Trajectory of whoredom

Our character is like a cannonball.

Our adult persona, that full-grown persona we settle into as we inch into adulthood, undoubtedly began as a negligible kernel of existence when we were very young. The fuse was lit by the erratic impatience of our parent’s unsteady hands back when they were still young as well. Some parents stay young and unsteady; other parents just give up and don’t stick around to even light the fuse.

Our little, unformed and larval personality was but an inkling of a cannonball which was once tucked safely into the depths of the barrel, and as the dysfunctional burden of our parental heritage blossomed and ignited our life, the fuse, the cannonball was fired and our nature, once this point is reached, is nearly impossible to slow or alter in course. This is the trajectory which launches our personality with the positive or negative learned and inherited impetus of our childhood. The more time that passes, the less likely this inertia could be deflected by good intentions or meddlesome intervention.

I found this example of a trajectory that I fear may be too far along in its course to halt or even slow.

This photo was taken of a 13-year-old girl I haven’t seen for 5 years. I know the mother loosely.

The mother is a raging attention whore, the worst sort of female specimen. She is essentially soulless and possessed of the most manipulative, self-absorbed and heartless personality I’ve ever known. She is a femme fatale. I’ve learned quite a bit about her pictured daughter through her laments and glorified complaints about her premature shenanigans. The lady I speak of is a slut. Simple as that. She loves men, and during certain spells, women as well. I believe she was sexually abused as a child and all the attendant manifestations are in full effect. She is a mess. She’s one of those Alpha curvy chicks whose clothes always seem inappropriately tight and she always wears heels and dramatic make-up. She is one of those women who looks atrocious in her plain, unadorned state, but with make-up and whore clothes, guys go crazy for her not envisioning the sleeping beast that lurks beneath the pomp and circumstance, smoke and mirrors.

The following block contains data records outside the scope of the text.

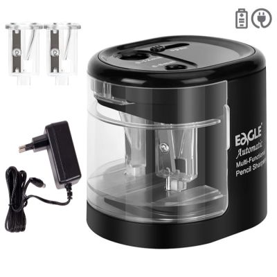 Automatické strúhadlo na ceruzky dvoch rozmerov 6-8 mm a 9-12 mm. Strúhadlo obsahuje odpadovú nádobu . Napájanie zo siete 230V, súčasou balenia je adaptér alebo na batérie - 4x AA 1,5V nie sú súčasťou balenia. Rozmer: 84x72x76 mm.
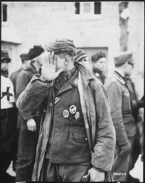 19. बेल्जियम में अमेरिकी सेना द्वारा पकड़ा गया एक जर्मन कैदी (1945)
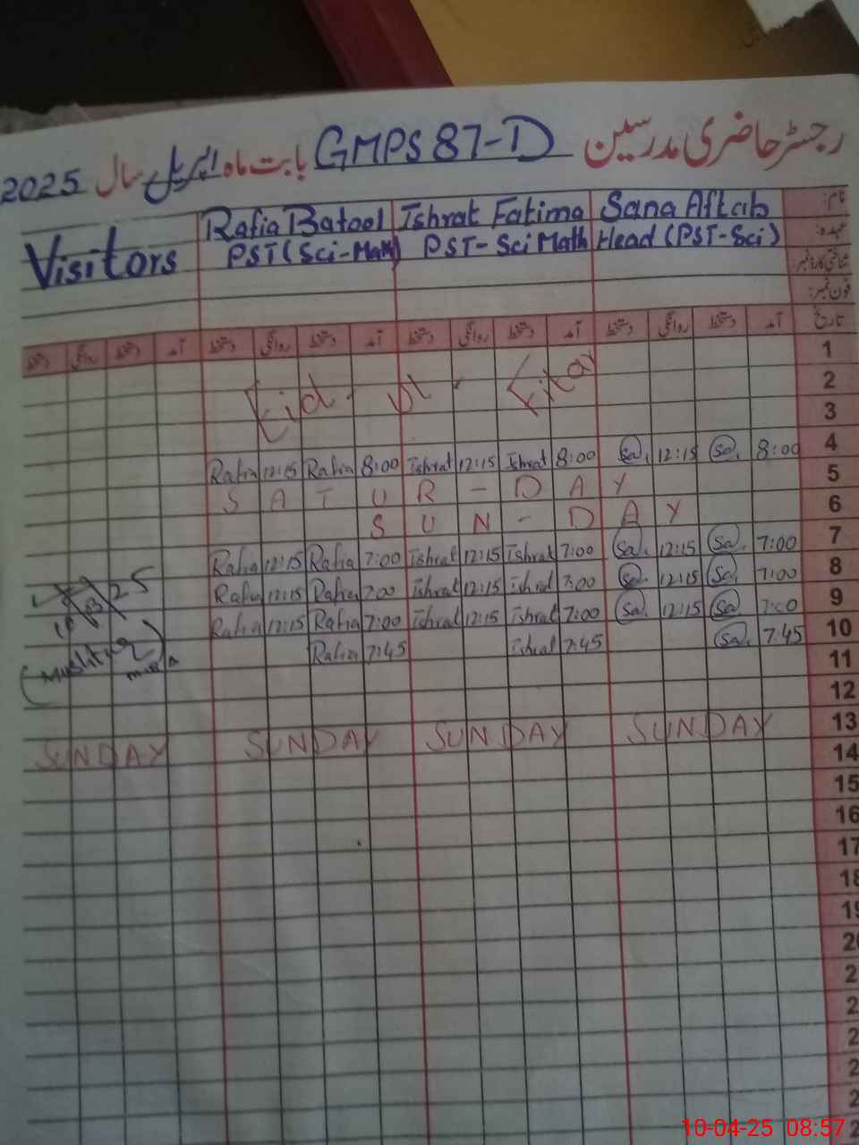 | Name: SA**** AF**** Designation: (School Headmaster's/Headmistress's) PST Phone/Cell Number: 03**** |
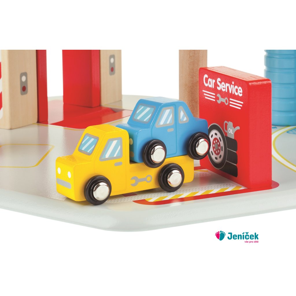 Nadšenci pro auta si zamilují tuto krásnou garáž. V balení obsahuje 3 auta, 1 odtahový vůz, ruční myčku, tankovací stojan, servis a natahovací výtah pro auta, který „kliká“ a auta dostane do parkovacího patra. Otevřete vrata z parkoviště a vyfičte po rampě dolů a domů! Nezapomeňte auto umýt... Autíčka jsou kompatibilní s vláčkodráhami. Skvělý způsob, jak děti inspirovat ke kreativní a představivé hře. Rozvíjí koordinaci ruka-oko, jemnou motoriku a zručnost. Po vybalení je nutno složit. Vyrobeno z kvalitních materiálů z odpovědných zdrojů. Odpovídá evropské bezbečnostní normě. Hračky anglické značky TIDLO Timeless Toys jsou, jak název napovídá, nadčasové dřevěné hračky vyráběné společností John Crane již od roku 1984. Všechny hračky, jež vychází z moderních trendů, nabízejí vynikající hodnotu, kvalitu, design a bezpečnost pro děti.Doplňkové parametry

See, the trajectory is that this woman, though she appears to be on the downhill slope of sexual appeal, is still an unchecked emotional capricious train wreck. Her youth fades and now, stepping in to fulfill her lineage’s slutty and whorish genetic promise, is her daughter. The daughter, conspicuously blurred beyond recognition, tests the waters like all 13-year-olds do. I’m not going to sit here and condemn her for being 13. In fact, I’m not condemning the girl. She seems like a generally good kid but she is busy perfecting the precocious art of drama queenery and attention whorishness. She is a young girl at a turning point. A 13-year-old girl today is easy fodder for pop cultural iconic misbehaving role models. It’s in her nature to revel in such abandon and the parents are the first line of defense.

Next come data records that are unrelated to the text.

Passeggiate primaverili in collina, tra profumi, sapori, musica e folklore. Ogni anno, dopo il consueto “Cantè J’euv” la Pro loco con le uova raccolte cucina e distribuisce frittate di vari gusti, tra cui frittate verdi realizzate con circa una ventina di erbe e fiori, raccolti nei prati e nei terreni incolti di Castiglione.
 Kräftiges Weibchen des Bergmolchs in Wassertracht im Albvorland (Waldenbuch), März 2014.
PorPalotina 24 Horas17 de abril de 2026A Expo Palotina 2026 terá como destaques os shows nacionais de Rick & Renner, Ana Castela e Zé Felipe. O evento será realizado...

However, pair this adolescent aimlessness with, 1) no father figure (women like this have a tendency not to keep men around long enough to be useful), and 2) a full-grown slut/whore mother whose appraisal of character is only as strong as her own ability to attain such a level of honor, and the daughter is doomed to make the mistakes of her mother. The mother, in a final farewell to her dwindling youth and its associated sexual power, finds herself in a position to begin living her youth again through her daughter’s eyes. Rather than dissuading her daughter from donning that cheap, tarty, hysterical mask which seeks men’s attention as the sole cause for living, only subtly encourages and reinforces this behavior in her daughter by an unspoken measure of celebrating her adolescent exploration of this deviantly pre-whorish behavior implicitly through her actions or lack thereof.

Her daughter is of the age of testing new personalities for size and this is when she needs a strong dose of “oppositional” parenting. This is when her mom should counterbalance the vagaries of youth with undramatic and boring grown-up behavior. This is not the age to live her lost youth through her daughter.

But she is an old whore and she still gets bored easily.
The daughter’s trajectory has begun.